*** DATA EXCERPTS ***
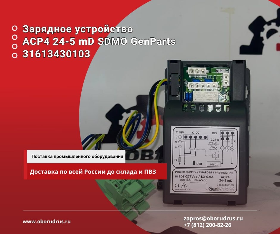 🔌 Поставим зарядное устройство от GenParts до вашего склада ACP4 24-5 mD 31613430103 SDMO — оригинальное зарядное устройство GenParts. Технические характеристики: ▪️ Вход: 208–277 В AC, 1.3–0.9 А ▪️ Выход: 24 В DC, 5 А ▪️ Совмещает зарядку АКБ и функцию подогрева ▪️ Совместимо с контроллерами C100, C27, C28 ▪️ Промышленное исполнение, внутренняя защита ▪️ Производство — Франция 🧩 Устанавливается в дизель-генераторах SDMO, Kohler, подходит для систем автоматического запуска. ✅ Множество категорий товаров для производства и снабжения в одном месте 📍 Доставка по всей Росии 📲 Для расчёта стоимости и сроков: +7 (812) 200-82-26 zapros@oborudrus.ru
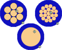 Токонесущая жила выплавлена из меди как монолитная проволока (класс 1) для кабеля ПВ1 или скручена из 7-ми, 19-ти, 37-и, 61-й и 91-й проволоки (класс 2,3,4 и 5 по ГОСТ 22483) для кабелей ПВ1, ПВ2, ПВ3 и ПВ4. Кабель марки ПВ имеет одну токонесущую жилу сечением от 0,5 до 95 кв. мм (провод ПВ 2 – от 2 до 95 кв. мм, провод ПВ 4 – от 0,5 до 10 кв. мм). Подробные данные по классам жил, которые использует кабель провод, приведены в ГОСТ 22483-77.
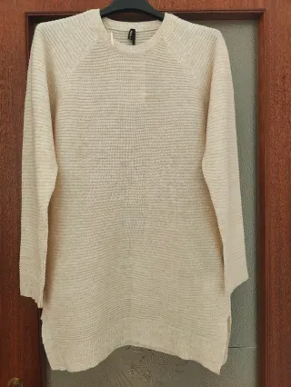 Maglione lungo con un design a blocchi di colore. La trama a maglia lo rende un capo caldo e confortevole. - Maniche lunghe. - Girocollo. - Lunghezza al ginocchio.
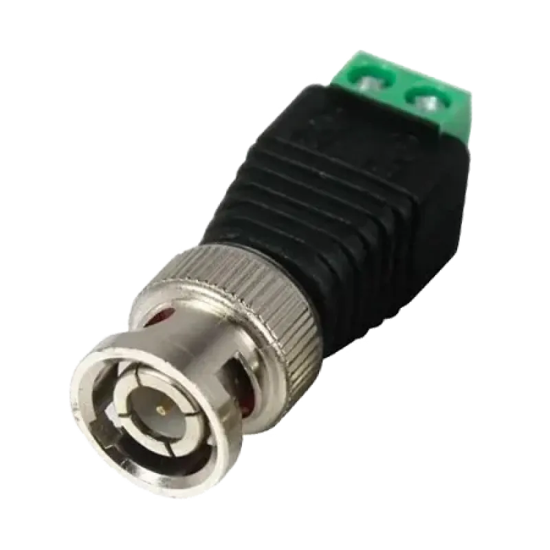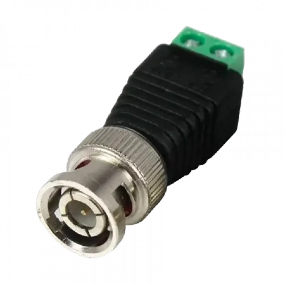 Штекер BNC з клемної колодкою для комутації системи відеоспостереження. Сумісний з кабелем кручений пари, сигнальним кабелем. Кріплення: колодка з гвинтовою закруткою. Матеріал: металеве кільце з мідним наконечником (BNC), полімер (спайка).
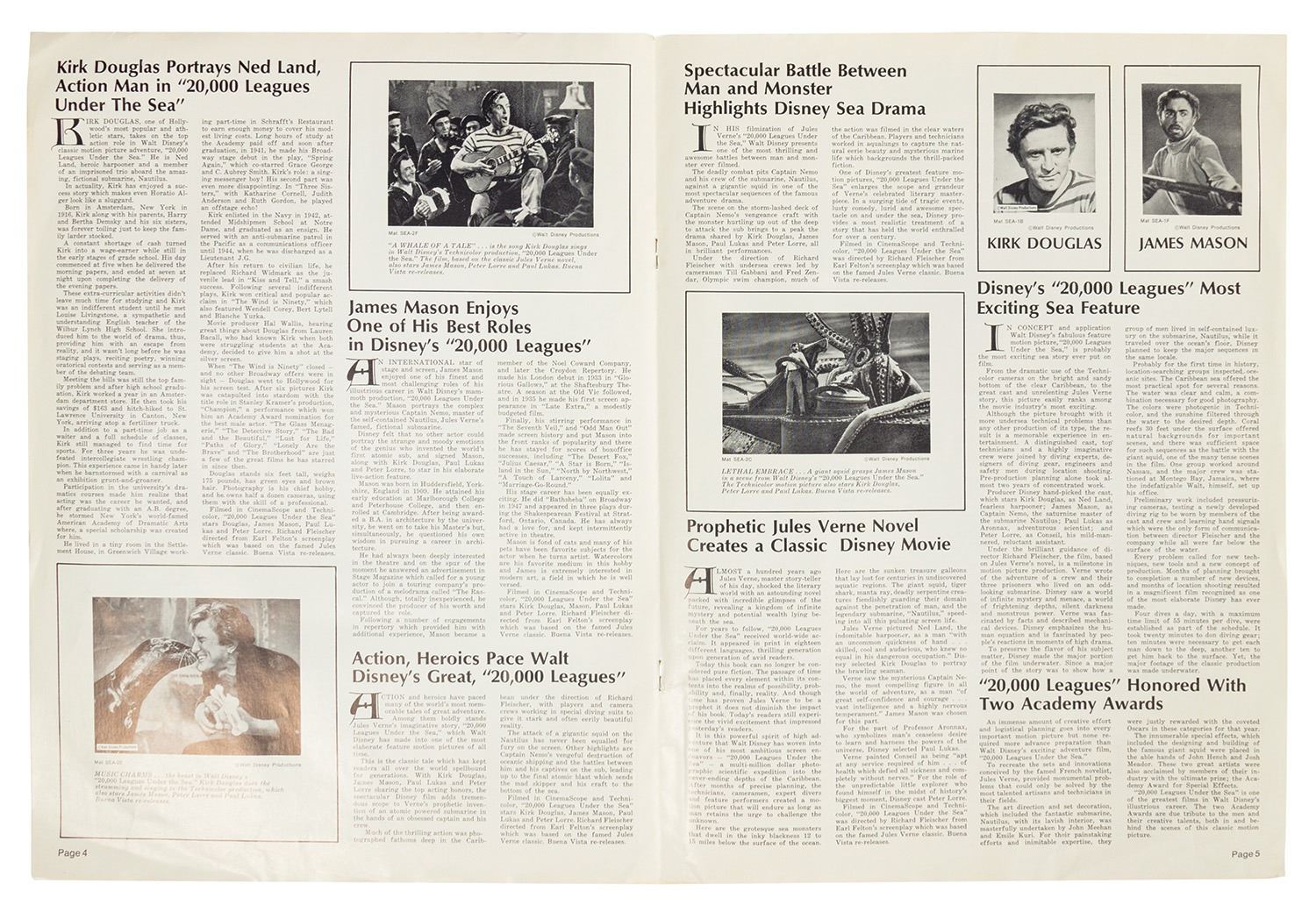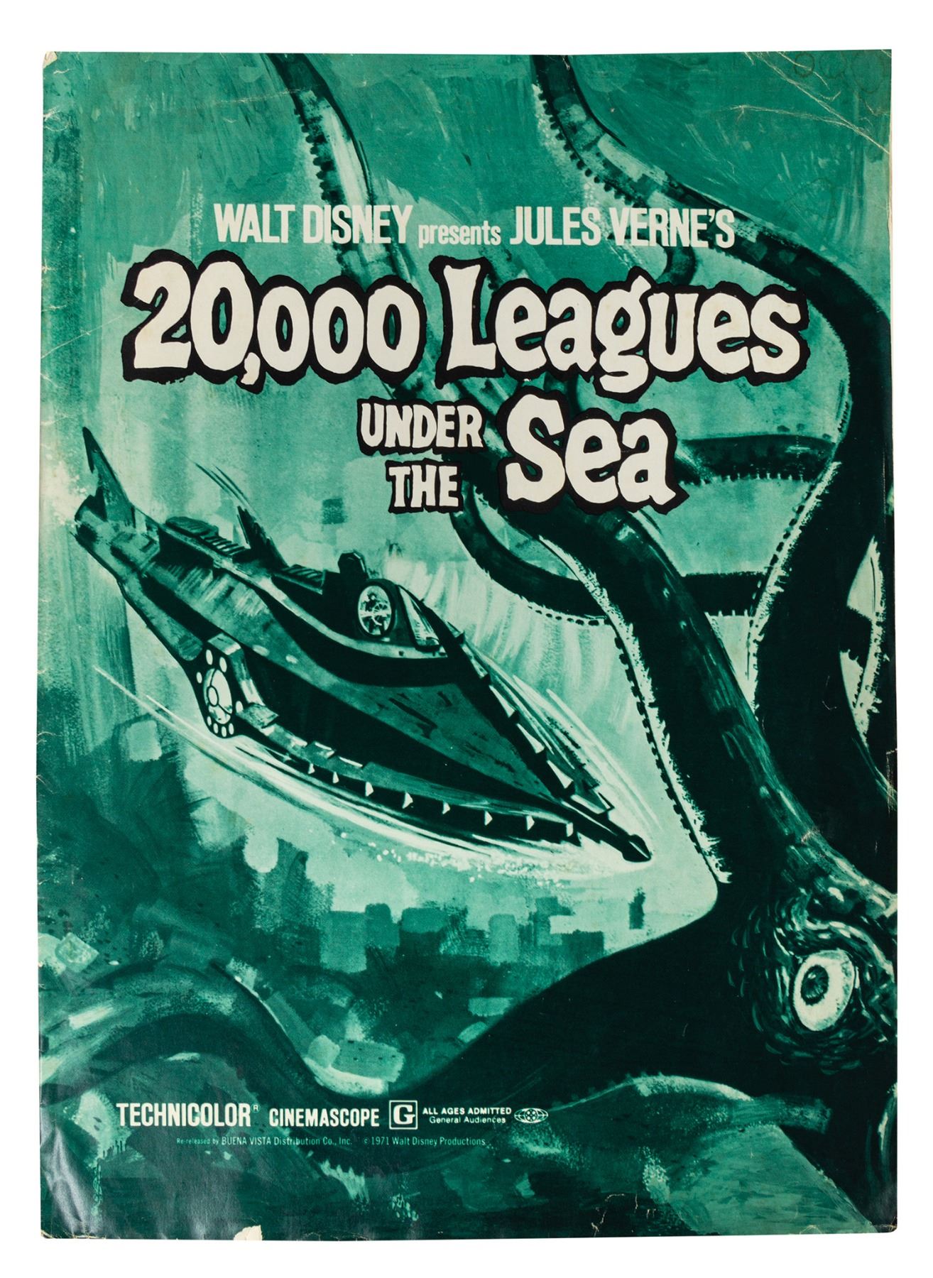 (Disney, 1971) A promotional campaign booklet for the theatrical re-release of 20,000 Leagues Under the Sea. The cover features wonderful imagery of the Nautilus and giant squid, and contains information on television and radio spots as well as sample news articles to help promote the film. The 6-page booklet measures 14.75"x11" and is in good condition with a few creases and edge-wear from use.
*** End of DATA EXCERPTS ***
» WHAT TO DO: All the lines above need to be repeated exactly, with no pictures carried over.

» SOLUTION BELOW:
 🔌 Поставим зарядное устройство от GenParts до вашего склада ACP4 24-5 mD 31613430103 SDMO — оригинальное зарядное устройство GenParts. Технические характеристики: ▪️ Вход: 208–277 В AC, 1.3–0.9 А ▪️ Выход: 24 В DC, 5 А ▪️ Совмещает зарядку АКБ и функцию подогрева ▪️ Совместимо с контроллерами C100, C27, C28 ▪️ Промышленное исполнение, внутренняя защита ▪️ Производство — Франция 🧩 Устанавливается в дизель-генераторах SDMO, Kohler, подходит для систем автоматического запуска. ✅ Множество категорий товаров для производства и снабжения в одном месте 📍 Доставка по всей Росии 📲 Для расчёта стоимости и сроков: +7 (812) 200-82-26 zapros@oborudrus.ru
 Токонесущая жила выплавлена из меди как монолитная проволока (класс 1) для кабеля ПВ1 или скручена из 7-ми, 19-ти, 37-и, 61-й и 91-й проволоки (класс 2,3,4 и 5 по ГОСТ 22483) для кабелей ПВ1, ПВ2, ПВ3 и ПВ4. Кабель марки ПВ имеет одну токонесущую жилу сечением от 0,5 до 95 кв. мм (провод ПВ 2 – от 2 до 95 кв. мм, провод ПВ 4 – от 0,5 до 10 кв. мм). Подробные данные по классам жил, которые использует кабель провод, приведены в ГОСТ 22483-77.
 Maglione lungo con un design a blocchi di colore. La trama a maglia lo rende un capo caldo e confortevole. - Maniche lunghe. - Girocollo. - Lunghezza al ginocchio.
 Штекер BNC з клемної колодкою для комутації системи відеоспостереження. Сумісний з кабелем кручений пари, сигнальним кабелем. Кріплення: колодка з гвинтовою закруткою. Матеріал: металеве кільце з мідним наконечником (BNC), полімер (спайка).
 (Disney, 1971) A promotional campaign booklet for the theatrical re-release of 20,000 Leagues Under the Sea. The cover features wonderful imagery of the Nautilus and giant squid, and contains information on television and radio spots as well as sample news articles to help promote the film. The 6-page booklet measures 14.75"x11" and is in good condition with a few creases and edge-wear from use.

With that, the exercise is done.